REQUIRED ACTION
Below are records; reproduce exactly the lines from the one that has "それを受けて早速参加者からは" through the one that has "インパクトのあるミニ丈のワンピース。", ends included, and nothing more.

DATASET ENTRIES

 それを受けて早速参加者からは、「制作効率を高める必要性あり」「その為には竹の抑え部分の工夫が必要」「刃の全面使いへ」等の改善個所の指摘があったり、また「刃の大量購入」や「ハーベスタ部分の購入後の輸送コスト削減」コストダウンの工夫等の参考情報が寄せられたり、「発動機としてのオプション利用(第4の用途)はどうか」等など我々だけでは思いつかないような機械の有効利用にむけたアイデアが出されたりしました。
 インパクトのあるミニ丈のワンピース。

* * *

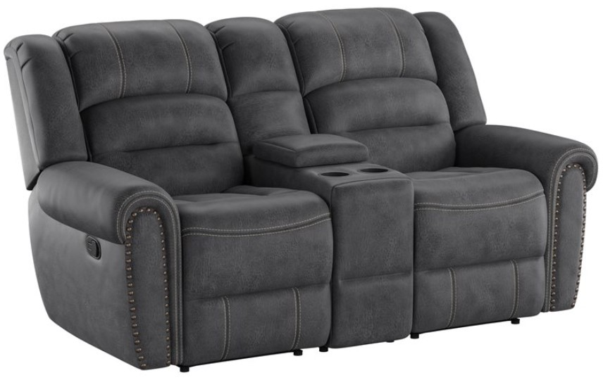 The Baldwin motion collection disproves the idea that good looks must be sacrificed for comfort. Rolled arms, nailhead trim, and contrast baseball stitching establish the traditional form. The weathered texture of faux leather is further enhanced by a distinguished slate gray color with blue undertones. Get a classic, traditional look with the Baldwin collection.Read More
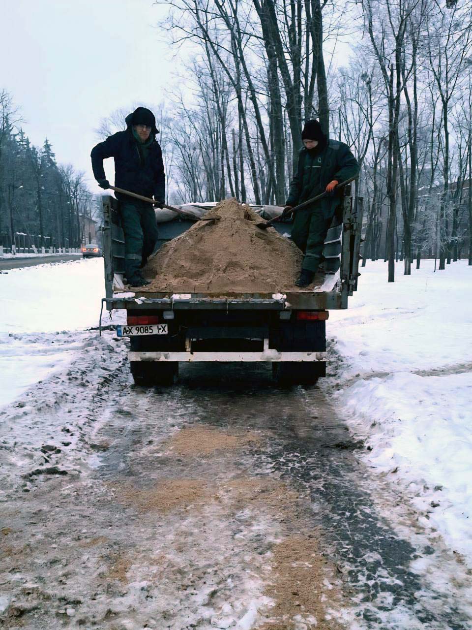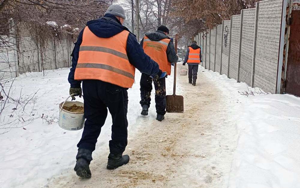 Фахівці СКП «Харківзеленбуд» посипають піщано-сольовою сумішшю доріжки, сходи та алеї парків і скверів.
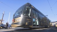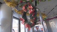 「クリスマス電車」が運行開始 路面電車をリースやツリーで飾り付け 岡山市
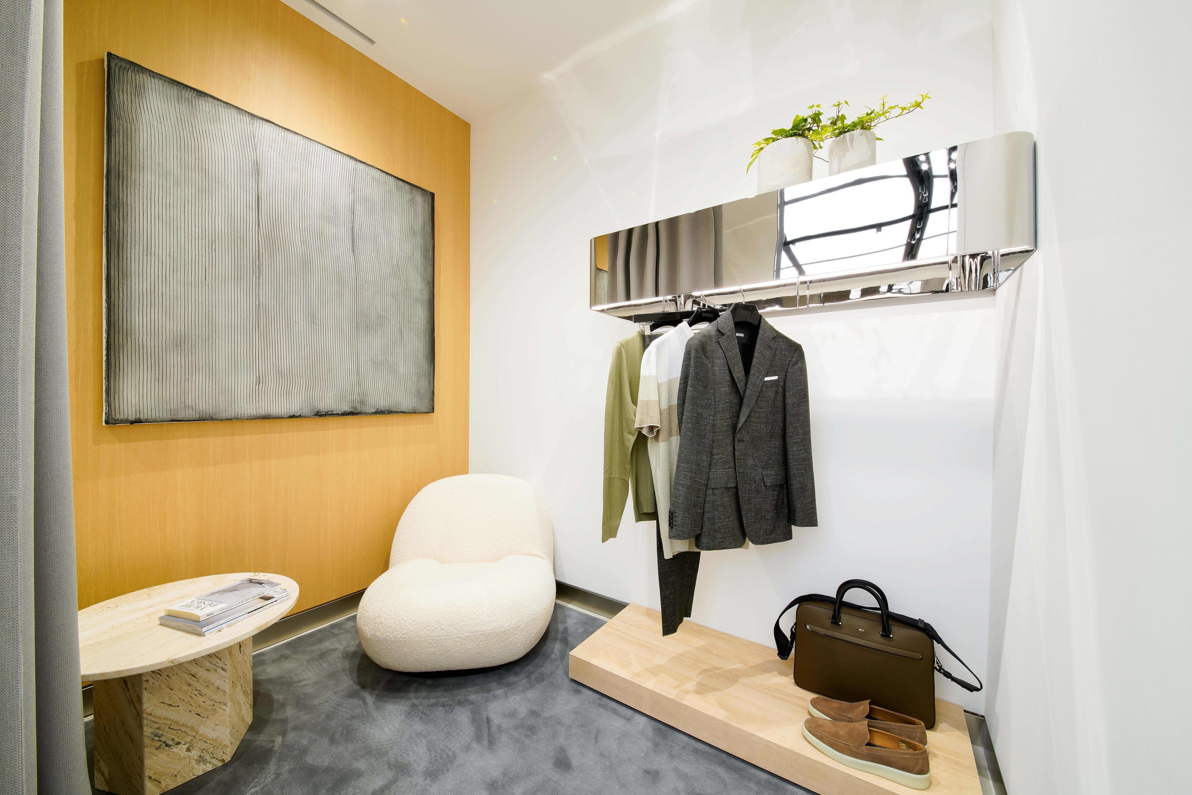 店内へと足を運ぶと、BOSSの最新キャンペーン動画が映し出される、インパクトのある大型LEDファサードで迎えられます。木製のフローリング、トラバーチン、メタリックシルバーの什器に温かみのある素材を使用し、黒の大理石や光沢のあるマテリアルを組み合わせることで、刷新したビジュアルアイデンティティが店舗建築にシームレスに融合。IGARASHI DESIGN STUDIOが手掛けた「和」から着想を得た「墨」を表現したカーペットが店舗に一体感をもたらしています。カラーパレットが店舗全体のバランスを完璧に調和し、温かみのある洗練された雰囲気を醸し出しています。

==

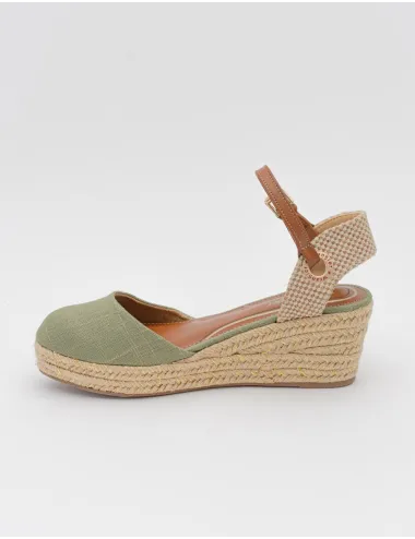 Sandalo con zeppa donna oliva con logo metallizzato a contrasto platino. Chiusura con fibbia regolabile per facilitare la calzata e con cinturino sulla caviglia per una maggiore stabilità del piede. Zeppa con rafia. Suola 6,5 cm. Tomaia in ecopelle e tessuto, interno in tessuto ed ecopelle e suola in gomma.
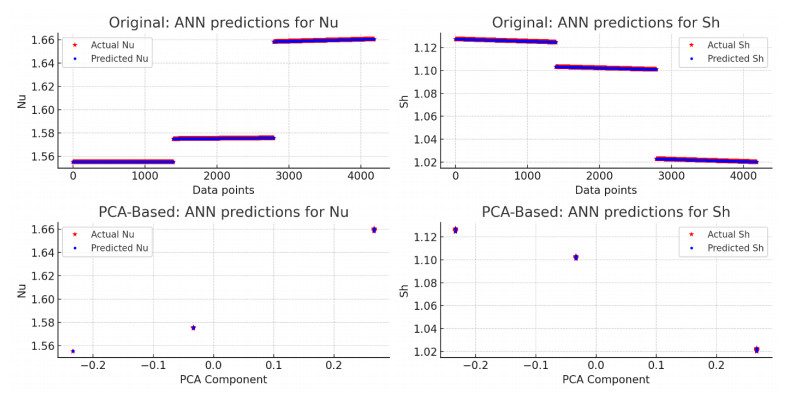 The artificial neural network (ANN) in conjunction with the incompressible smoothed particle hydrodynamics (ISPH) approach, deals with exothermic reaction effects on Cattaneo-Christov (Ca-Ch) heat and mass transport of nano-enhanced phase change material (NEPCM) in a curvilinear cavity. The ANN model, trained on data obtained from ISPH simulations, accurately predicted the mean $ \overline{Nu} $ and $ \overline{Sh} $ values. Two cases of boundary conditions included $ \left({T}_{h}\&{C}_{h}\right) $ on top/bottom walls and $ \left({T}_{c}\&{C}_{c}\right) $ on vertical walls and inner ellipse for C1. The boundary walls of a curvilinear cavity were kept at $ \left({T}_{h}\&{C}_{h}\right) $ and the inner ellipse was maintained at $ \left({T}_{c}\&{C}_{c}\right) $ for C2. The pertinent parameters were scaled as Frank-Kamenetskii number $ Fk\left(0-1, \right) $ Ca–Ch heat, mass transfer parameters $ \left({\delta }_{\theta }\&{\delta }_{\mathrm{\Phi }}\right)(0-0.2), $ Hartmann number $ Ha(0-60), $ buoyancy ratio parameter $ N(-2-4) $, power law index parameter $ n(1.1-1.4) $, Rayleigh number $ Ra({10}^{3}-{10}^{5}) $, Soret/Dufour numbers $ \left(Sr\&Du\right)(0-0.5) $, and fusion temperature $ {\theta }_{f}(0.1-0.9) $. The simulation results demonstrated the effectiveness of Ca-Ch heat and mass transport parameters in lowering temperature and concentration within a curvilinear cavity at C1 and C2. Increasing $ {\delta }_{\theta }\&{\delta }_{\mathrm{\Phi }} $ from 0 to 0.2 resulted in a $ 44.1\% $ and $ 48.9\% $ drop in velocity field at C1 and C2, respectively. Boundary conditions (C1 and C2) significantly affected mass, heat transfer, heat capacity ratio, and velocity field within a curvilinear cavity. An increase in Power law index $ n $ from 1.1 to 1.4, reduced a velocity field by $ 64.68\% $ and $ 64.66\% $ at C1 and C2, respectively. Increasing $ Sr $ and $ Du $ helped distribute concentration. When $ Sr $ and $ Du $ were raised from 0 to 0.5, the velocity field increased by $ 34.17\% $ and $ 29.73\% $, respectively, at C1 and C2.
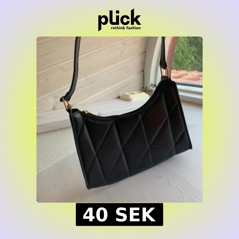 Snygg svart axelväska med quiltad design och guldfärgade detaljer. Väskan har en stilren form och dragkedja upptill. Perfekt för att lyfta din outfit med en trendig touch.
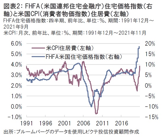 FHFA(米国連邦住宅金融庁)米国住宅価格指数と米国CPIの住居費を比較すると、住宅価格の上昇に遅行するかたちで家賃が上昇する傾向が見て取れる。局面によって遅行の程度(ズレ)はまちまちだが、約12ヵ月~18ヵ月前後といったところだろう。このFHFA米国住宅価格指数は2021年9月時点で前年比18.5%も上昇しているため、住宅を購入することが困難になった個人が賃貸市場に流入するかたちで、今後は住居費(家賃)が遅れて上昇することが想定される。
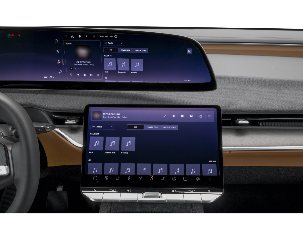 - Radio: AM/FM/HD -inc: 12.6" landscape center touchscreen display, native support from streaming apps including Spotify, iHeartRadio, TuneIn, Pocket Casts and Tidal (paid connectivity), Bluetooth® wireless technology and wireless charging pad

RESULT
 それを受けて早速参加者からは、「制作効率を高める必要性あり」「その為には竹の抑え部分の工夫が必要」「刃の全面使いへ」等の改善個所の指摘があったり、また「刃の大量購入」や「ハーベスタ部分の購入後の輸送コスト削減」コストダウンの工夫等の参考情報が寄せられたり、「発動機としてのオプション利用(第4の用途)はどうか」等など我々だけでは思いつかないような機械の有効利用にむけたアイデアが出されたりしました。
 インパクトのあるミニ丈のワンピース。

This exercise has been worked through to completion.